We refer the reviewer to Figure 3(B), where we checked how the number of base reward functions impacts performance. Choosing a higher number of base functions typically does not harm performance but only increases computational cost. We see the main goal of the heuristic (Figure 6 in the appendix) as a way to get a lower bound on the number of reward functions. Therefore, the heuristic is robust because it provides a conservative guideline rather than a strict constraint.
Can users inspect or adjust their personalization parameters to improve transparency or control?
Absolutely. While we focus on automatic adaptation in our experiments, the personalization vector λ can be exposed to users through interpretable UI elements (e.g., sliders for reward dimensions), enabling interactive control over response style or alignment priorities. This again highlights the flexibility of our framework, which can support different systems.
How does this method align with broader safety and value alignment goals?
Our method is complementary to established safety and value alignment techniques. By conducting experiments primarily with already-aligned models, we demonstrate that our personalization effectively serves as a second alignment step, after safety RLHF. An interesting future direction is to analyze the differences between this 2 step approach to a combined RLHF training of both safety and personalization.
How well does the approach generalize beyond synthetic datasets to more diverse, natural user interactions?

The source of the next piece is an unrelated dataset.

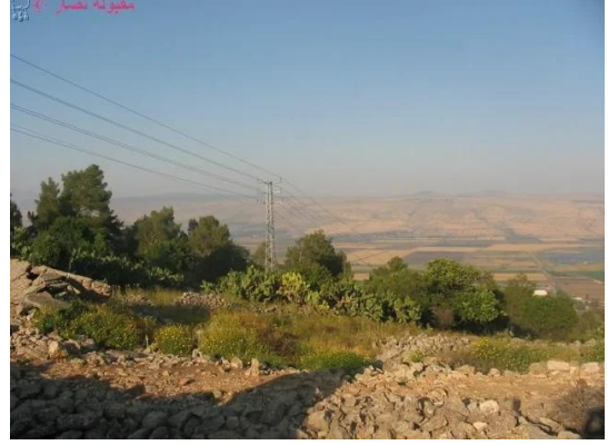
النبي يوشع: سهل الحولة كما نراه من موقع القرية , 7.5.2005
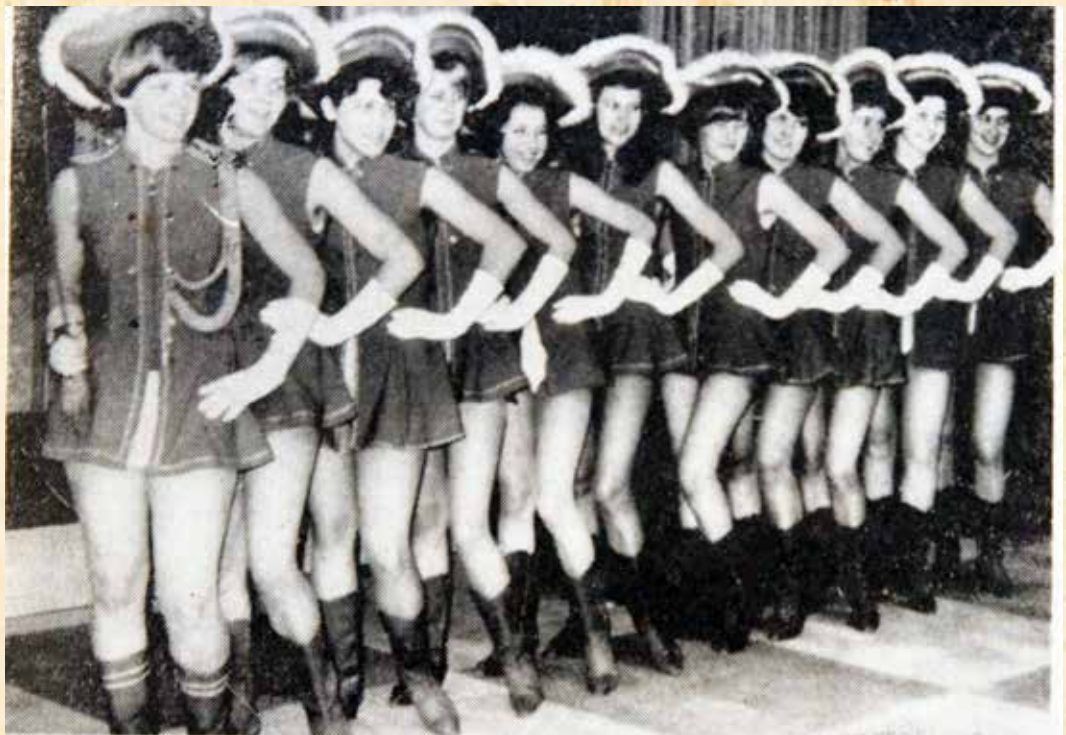
Fesche Garde auf die Beine gestellt

Beim Sportverein wird das Aufstiegsthema wieder aktuell. Die Mannschaft hat sich durch die Herbstmeisterschaft eine gute Ausgangsposition für die Rückrunde geschaffen. Wenn sie sich so tapfer schlägt und wenn neben der Kondition in Zukunft auch auf die taktische Einstellung geachtet wird, dann müßte es heuer klappen. Trainer Klimm will sich seinen Bart erst wieder abnehmen lassen, wenn der Aufstieg geschafft ist. Er hat damit begonnen, seine Schützlinge fit zu bekommen.

While we did not conduct experiments with fully natural user interactions, we deliberately designed our experimental setup to closely approximate such settings:
- The prompt datasets used in both the PRISM and Attributes evaluations were sourced from actual user interactions with LLMs, ensuring that the inputs reflect natural usage patterns.
- The model responses were generated directly from the aligned base models, exactly as they would be in a deployed system.
- Although user preferences were synthetically defined, we introduced realism through injecting noise into the preference labels by using sampling (rather than greedy decoding).
These choices were made to ensure that our synthetic setup closely mirrors real-world deployment scenarios. The strong results we observe under these conditions give us confidence that our method will generalize well to natural settings.
Thank you for your response. I believe interpretability is central to the contribution of your work, so referring readers to Appendix E.1 is not ideal. While most of my comments have been addressed or partially touched on, some key points remain insufficiently justified. For example, the claim that “the lightweight nature of the adaptation, requiring only ~10 examples, makes this practical” lacks empirical support. Therefore, I will maintain my current rating.
The authors propose a new way of personalizing the output of LLMs: by factoring user preferences in a linear, low dimensional space of reward functions, and combining them on a per-user basis. Experiments demonstrate strong sample efficiency compared to baselines on 2 datasets.
Reviewers raised some concerns that were partially addressed in response.
iLD4's biggest remaining concern is that appendix E1 about interpretablility is not in the main text body: perhaps the authors could surface a pointer in revision?
Fo71 suggested an additional experiment, which was only partly covered in the original submission. The authors added the additional experiment which further shows the strengths of their approach.
Overall, I am pleased with the discussion between reviewers and authors, and believe many of the biggest concerns have been addressed. This work represents an interesting contribution above and beyond existing works, and (while some presentation factors could be improved) many of the shortcomings have been addressed in discussion.